News on migration and asylum from around the region - Nouvelles de la région sur les questions de migration et d'asile

Friday, January 16, 2015

[UK] The Guardian: I want to give asylum seekers in Britain the chance to tell their own story

14 January 2015

Asylum seekers are rarely presented as individuals with names, lives, skills and histories - they are simply vilified as we become increasingly insular and suspicious
An asylum seeker, a student in one of my classes, told me he was destitute, living on a bench in the shadow of St Paul’s cathedral. One night, he said, he was defecating into a plastic bag when he spotted, close by, a young police officer smoking dope in the shadows. He finished defecating, tied the bag up, pulled up his trousers and emerged, startling the officer, who immediately cuffed him. Eventually, they did a deal: my student wouldn’t be arrested for sleeping rough on church ground, and he wouldn’t shop the officer for smoking a joint.
I’ve been doing outreach work with asylum seekers and refugees since 2012. In their humour and nuance, the testimonies I hear are a far cry from the stereotypes that are usually peddled in the media: that of unnamed, voiceless people dying in boats, criminal gangs, parasites leeching off the state, victims being sexually abused in UK detention centres.

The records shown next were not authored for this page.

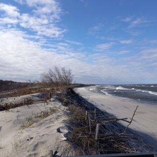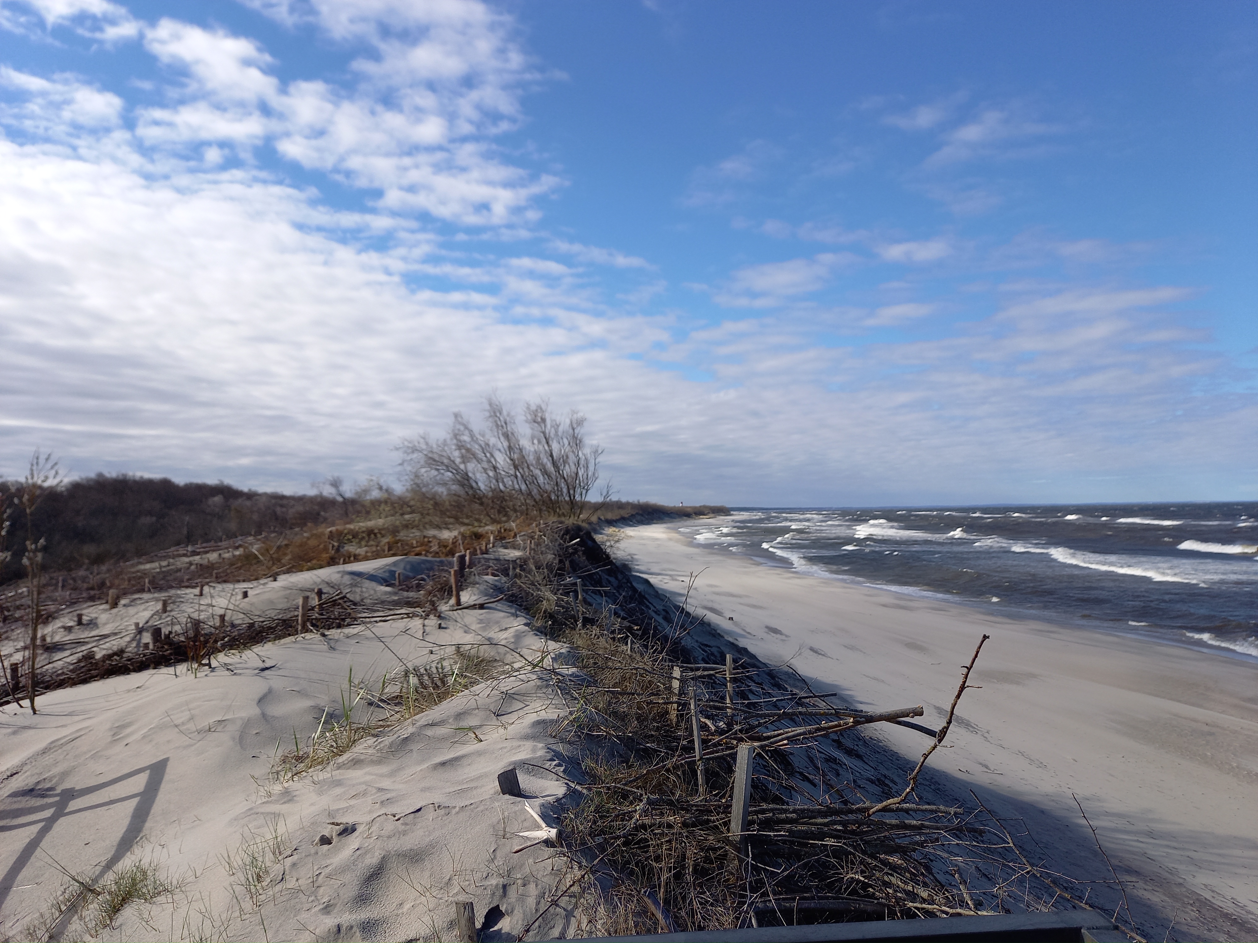 В Национальном парке, первая остановка, выход к морю, где мы знакомимся с авандюнами, фашинами, делаем классные снимки, возвращаемся на парковку, где в единственном месте на Косе продаются куршские лепёшки, по желанию, пробуем лепёшки с куршской вороной и отправляемся дальше.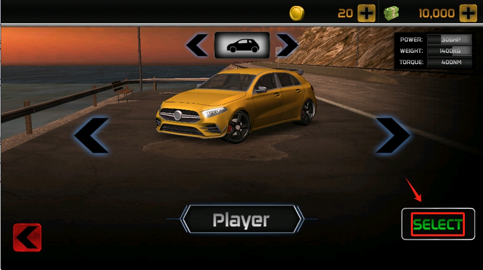 2、在车辆选择界面,点击 “SELECT” 按钮,选择赛车。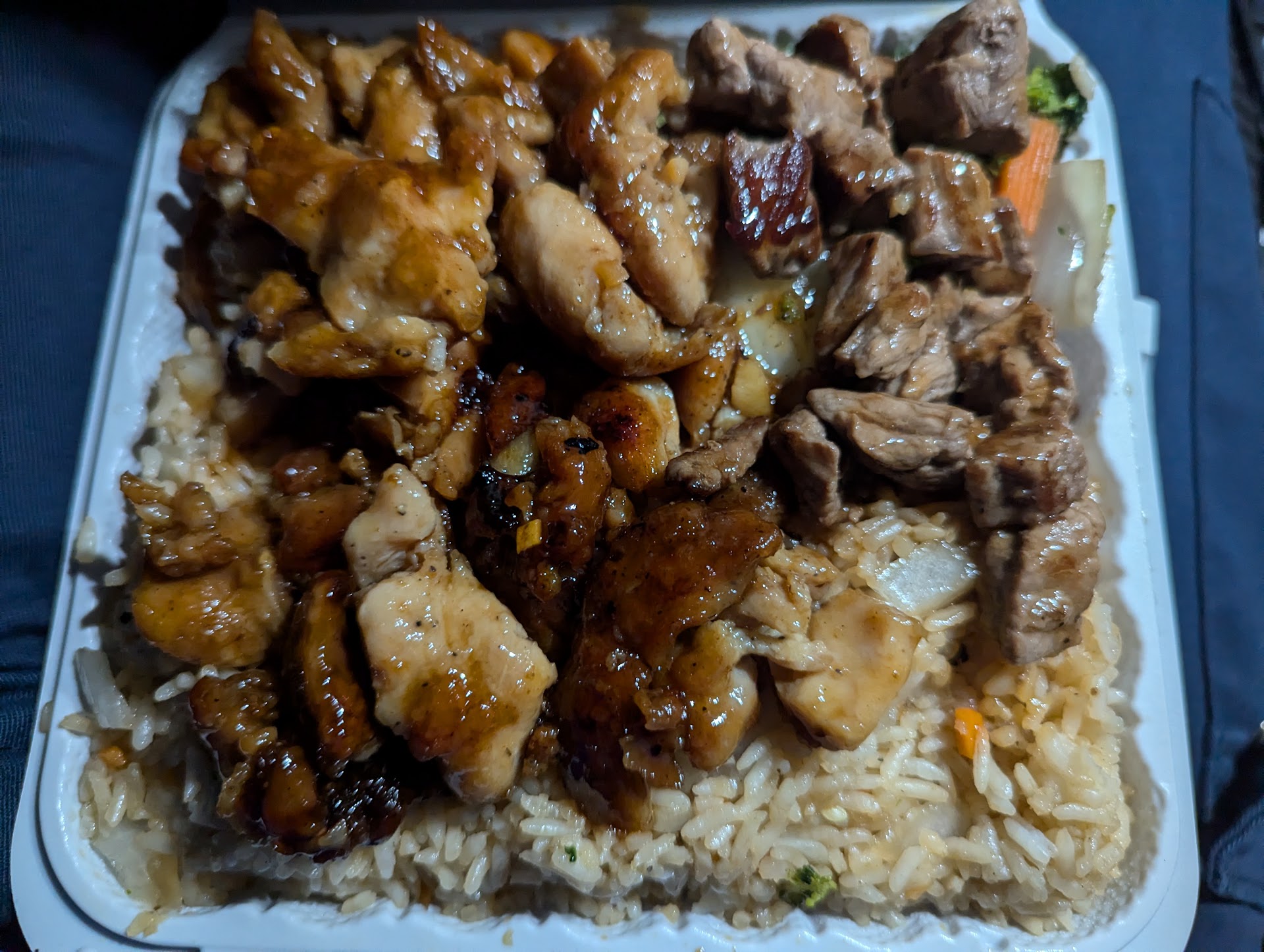 Read moreChicken and steak hibachi was fire. Good portion of meat for the money, the meat actually tasted good, the fried rice tasted good and that white sauce they provided went nicely with the food. Also got some fried pork gyoza and that was okay, nothing special. Hibachi here is definitely on point, I'm surprised it took me so long to check it out after getting recommendations from my coworkers. It goes without saying, I'll definitely be back and I'd recommend ordering your food online and going to pick it up to minimize wait times, especially since parking around there isn't...
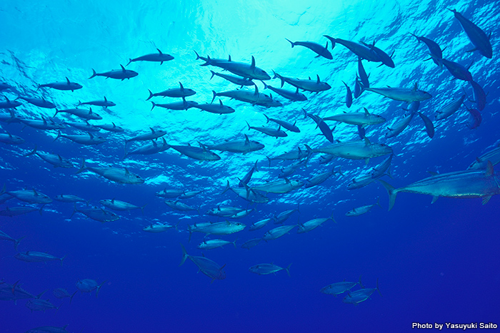 流れをものともせずイソマグロの群れが出現! Pictured by Junichi Moriwaki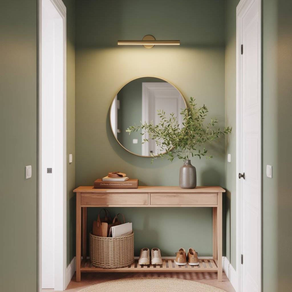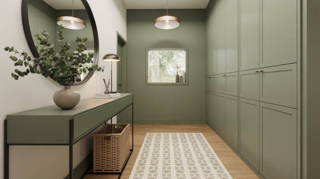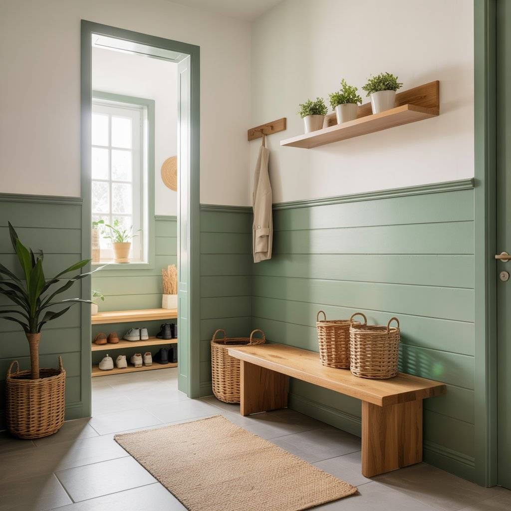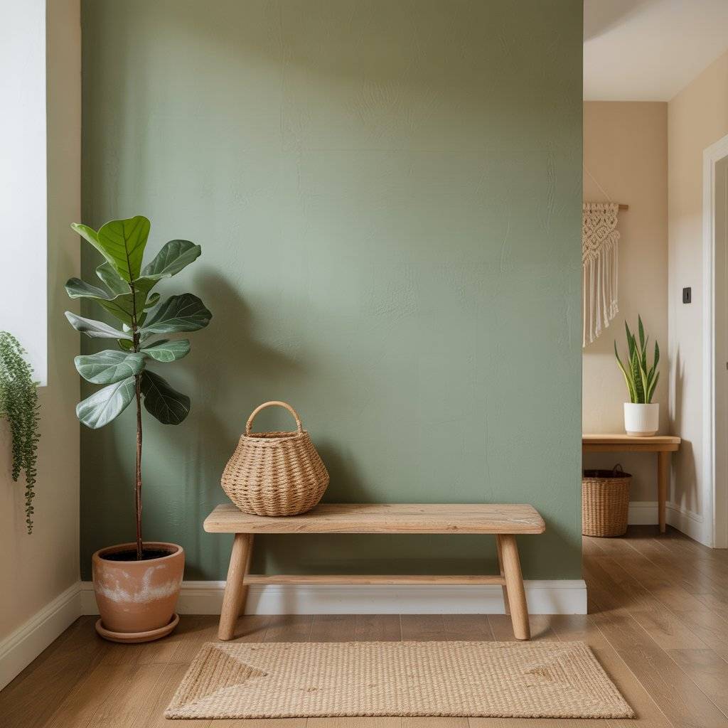 I’ve seen beautiful entryways where a sage green wall sits behind a small wooden bench and a few potted plants. The combination creates a calm, welcoming feeling right when someone walks in.

It is as though the asylum narrative only begins when they arrive, and there is a strange and inhumane absence of interest in what they survived before.
I wanted to hear from those very people who are most talked about, either with pity or with loathing, but who are given the least opportunity to speak themselves. My groups, people who came to my classes to improve their written English, included asylum seekers, from Iran and Syria to Sierra Leone, Congo and Uganda. What they told me was not just harrowing – like the woman who had been raped by rebels and consequently rejected by her husband and ostracised by her community – but also often hilarious – and always humbling. These people have survived war, violence, political persecution, exile and extreme poverty but are treated as invisible here, as less than human.